__Recorded data__
========

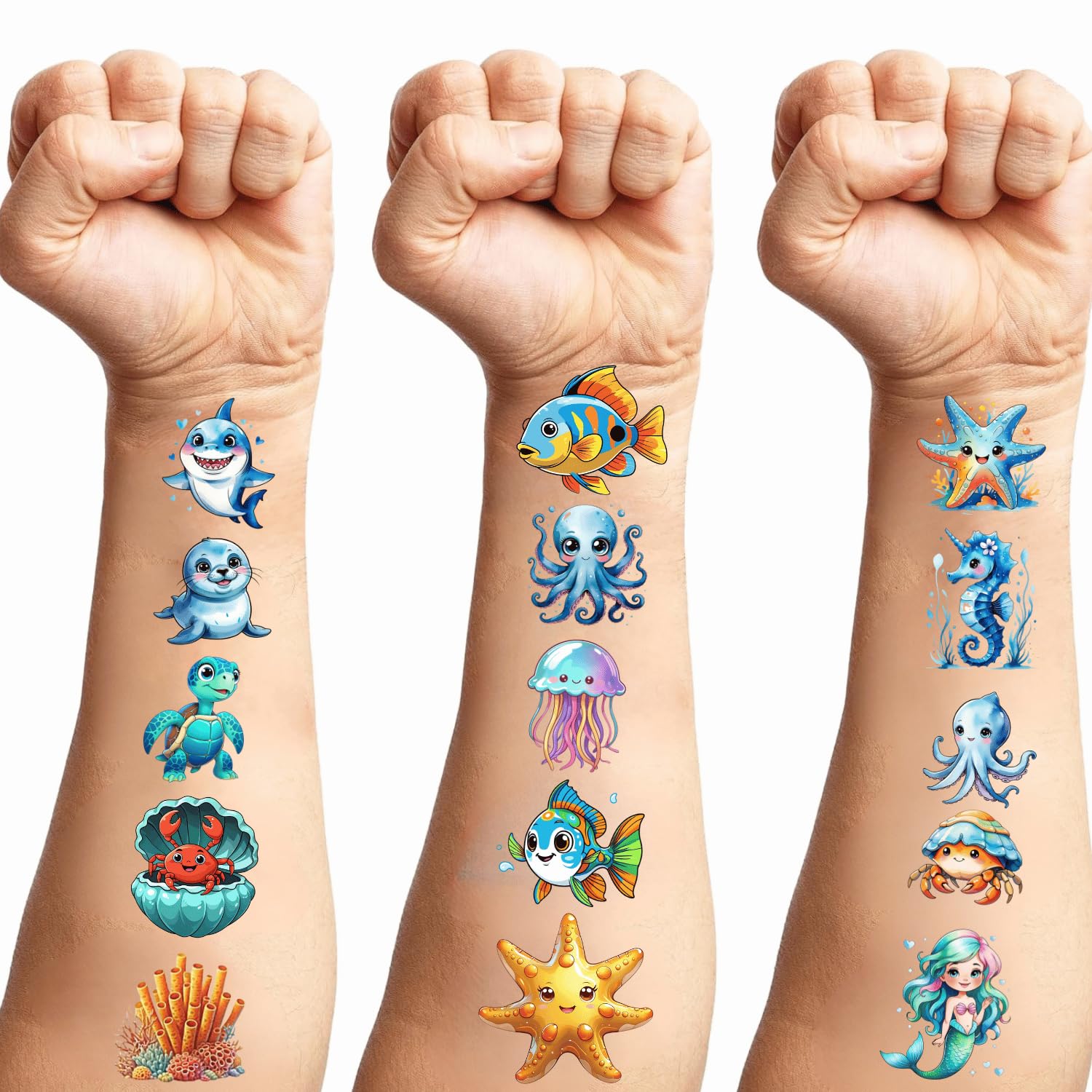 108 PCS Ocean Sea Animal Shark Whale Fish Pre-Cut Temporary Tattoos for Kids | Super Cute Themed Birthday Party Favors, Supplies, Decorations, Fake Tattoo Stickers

========

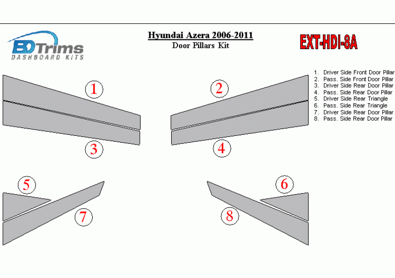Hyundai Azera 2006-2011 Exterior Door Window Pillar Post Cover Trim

========

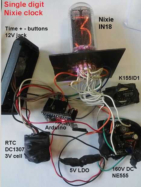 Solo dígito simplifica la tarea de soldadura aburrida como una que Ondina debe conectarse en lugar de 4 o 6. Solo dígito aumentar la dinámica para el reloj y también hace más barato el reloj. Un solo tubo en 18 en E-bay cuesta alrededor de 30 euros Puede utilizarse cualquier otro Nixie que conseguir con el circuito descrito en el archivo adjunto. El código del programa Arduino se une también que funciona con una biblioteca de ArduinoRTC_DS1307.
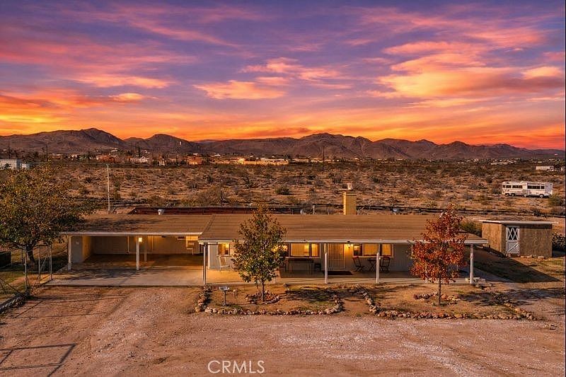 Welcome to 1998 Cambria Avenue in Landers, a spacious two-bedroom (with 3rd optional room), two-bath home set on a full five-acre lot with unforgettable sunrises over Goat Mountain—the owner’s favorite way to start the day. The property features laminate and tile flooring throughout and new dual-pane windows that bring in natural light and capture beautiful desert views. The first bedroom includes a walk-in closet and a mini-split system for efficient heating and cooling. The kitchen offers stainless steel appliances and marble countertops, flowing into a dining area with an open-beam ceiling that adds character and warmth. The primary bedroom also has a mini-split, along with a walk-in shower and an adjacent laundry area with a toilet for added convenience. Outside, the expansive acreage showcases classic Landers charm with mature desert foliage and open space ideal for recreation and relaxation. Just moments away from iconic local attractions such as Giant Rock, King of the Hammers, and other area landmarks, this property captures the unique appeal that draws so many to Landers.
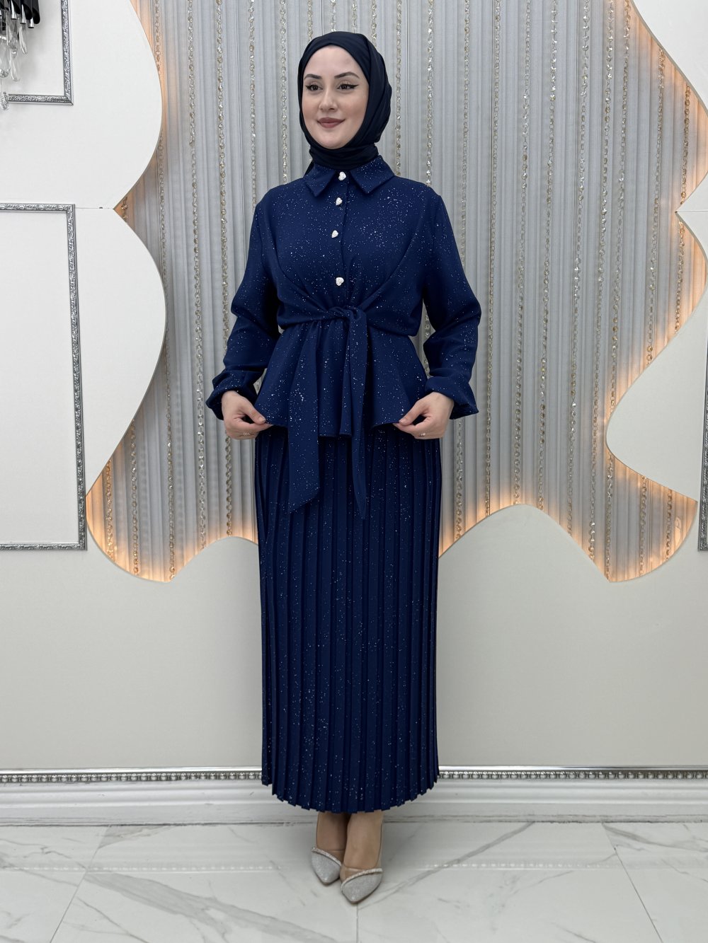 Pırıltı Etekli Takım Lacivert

========

__Assignment__
Set down, exactly as written above, each line from the one with "Solo dígito simplifica" through the one with "Pırıltı Etekli Takım Lacivert", and skip the pictures.

__Response area__
 Solo dígito simplifica la tarea de soldadura aburrida como una que Ondina debe conectarse en lugar de 4 o 6. Solo dígito aumentar la dinámica para el reloj y también hace más barato el reloj. Un solo tubo en 18 en E-bay cuesta alrededor de 30 euros Puede utilizarse cualquier otro Nixie que conseguir con el circuito descrito en el archivo adjunto. El código del programa Arduino se une también que funciona con una biblioteca de ArduinoRTC_DS1307.
 Welcome to 1998 Cambria Avenue in Landers, a spacious two-bedroom (with 3rd optional room), two-bath home set on a full five-acre lot with unforgettable sunrises over Goat Mountain—the owner’s favorite way to start the day. The property features laminate and tile flooring throughout and new dual-pane windows that bring in natural light and capture beautiful desert views. The first bedroom includes a walk-in closet and a mini-split system for efficient heating and cooling. The kitchen offers stainless steel appliances and marble countertops, flowing into a dining area with an open-beam ceiling that adds character and warmth. The primary bedroom also has a mini-split, along with a walk-in shower and an adjacent laundry area with a toilet for added convenience. Outside, the expansive acreage showcases classic Landers charm with mature desert foliage and open space ideal for recreation and relaxation. Just moments away from iconic local attractions such as Giant Rock, King of the Hammers, and other area landmarks, this property captures the unique appeal that draws so many to Landers.
 Pırıltı Etekli Takım Lacivert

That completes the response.